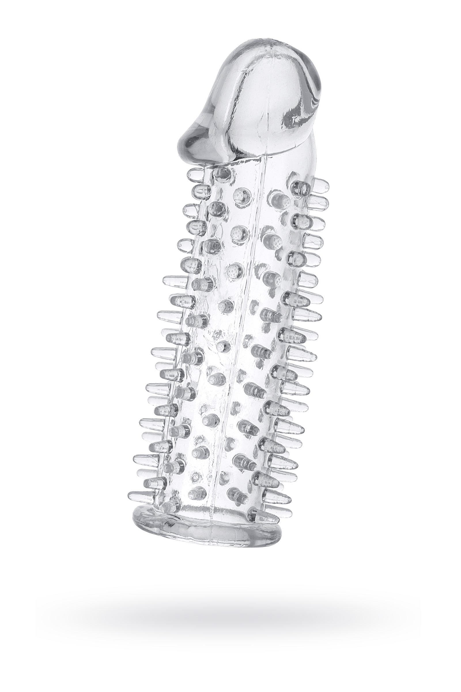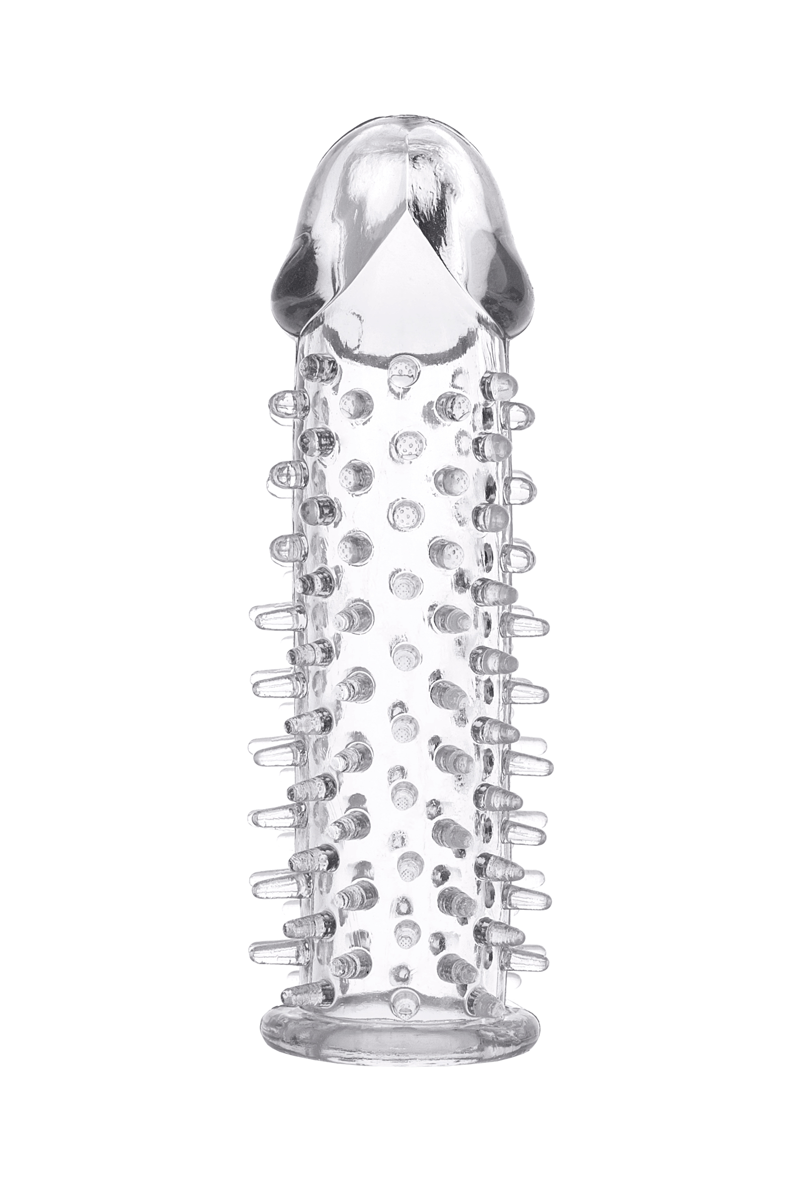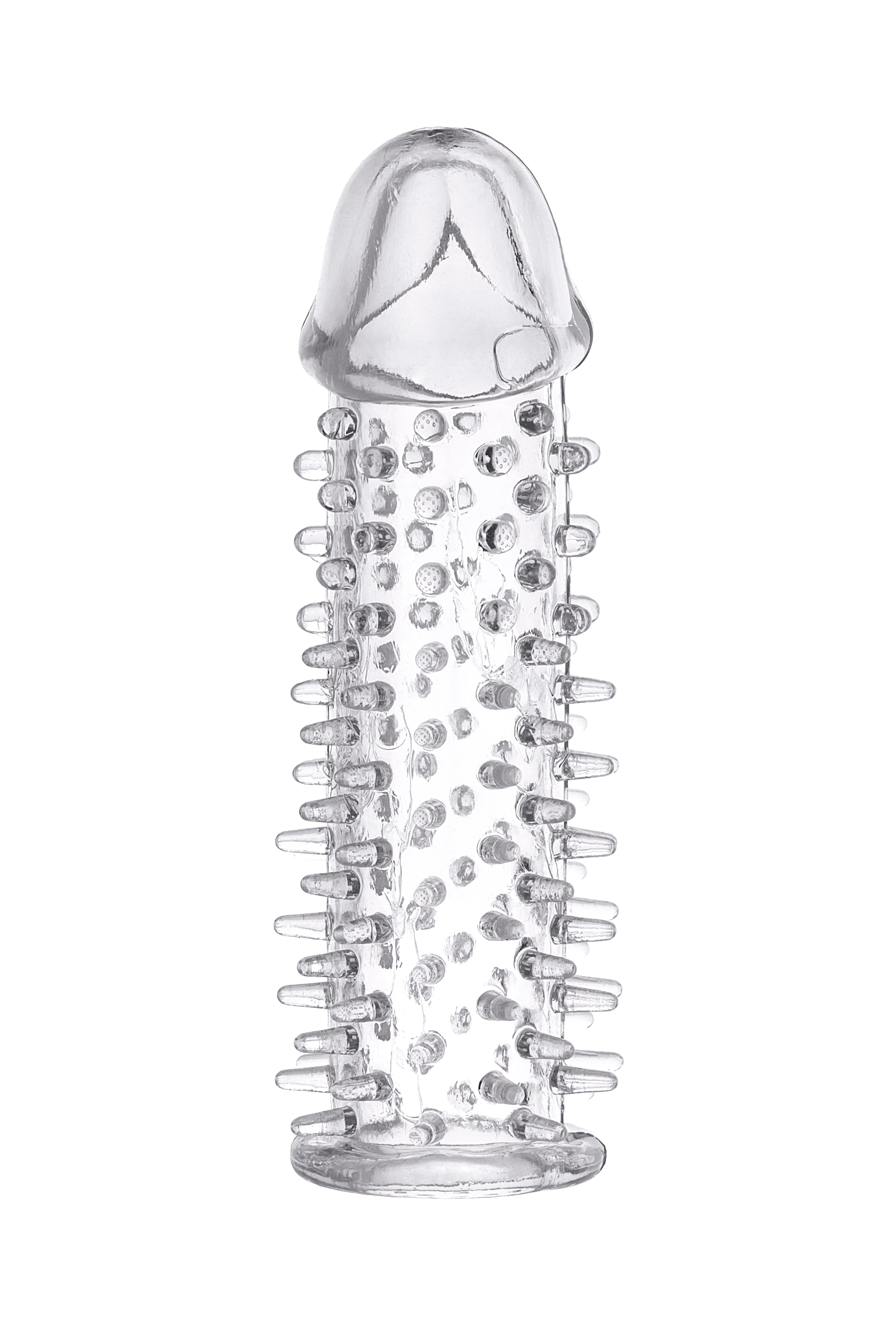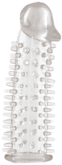Насадка гелевая прозрачная в форме пениса с закрытой головкой покрытая по всей длине мягкими шипиками для внутренней стимуляции влагалища , легко одевается используется со смазкой для лучшего скольжения. увеличивает размеры пениса . Длина 12,5 см, ширина/диаметр 3 см. Материал ПВХ
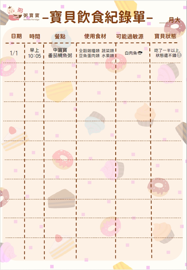 爸比媽咪們可以藉由「寶寶飲食紀錄表」記下寶寶哪天吃了甚麼,並留意寶寶對易過敏的食材反應如何,做紀錄也有利於安排一週菜單,避免重複吃同一道料理,造成偏食的問題,更能進而了解寶寶的過敏食物是什麼呦!歡迎存起來及分享給有同樣需求的爸比媽咪吧!
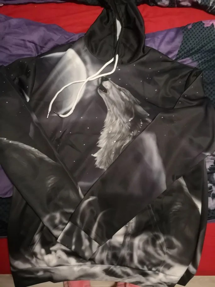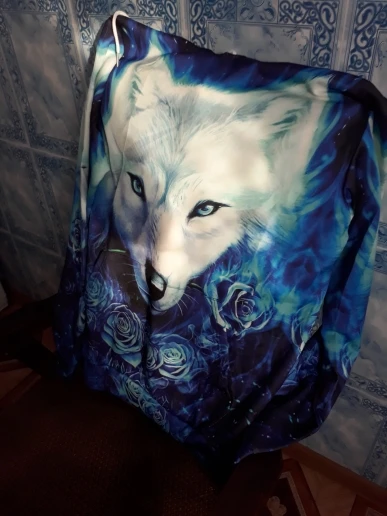 Хорошо получил синюю капюшонную толстовку с красивой белой головой волка в точности как на картинке Очень рад, спасибо

■ **The task**
Write out again, word for word, the lines from the one holding "爸比媽咪們可以藉由「寶寶飲食" through the final line of the listing, including both ends but no pictures.

■ **Output for this task**
 爸比媽咪們可以藉由「寶寶飲食紀錄表」記下寶寶哪天吃了甚麼,並留意寶寶對易過敏的食材反應如何,做紀錄也有利於安排一週菜單,避免重複吃同一道料理,造成偏食的問題,更能進而了解寶寶的過敏食物是什麼呦!歡迎存起來及分享給有同樣需求的爸比媽咪吧!
 Хорошо получил синюю капюшонную толстовку с красивой белой головой волка в точности как на картинке Очень рад, спасибо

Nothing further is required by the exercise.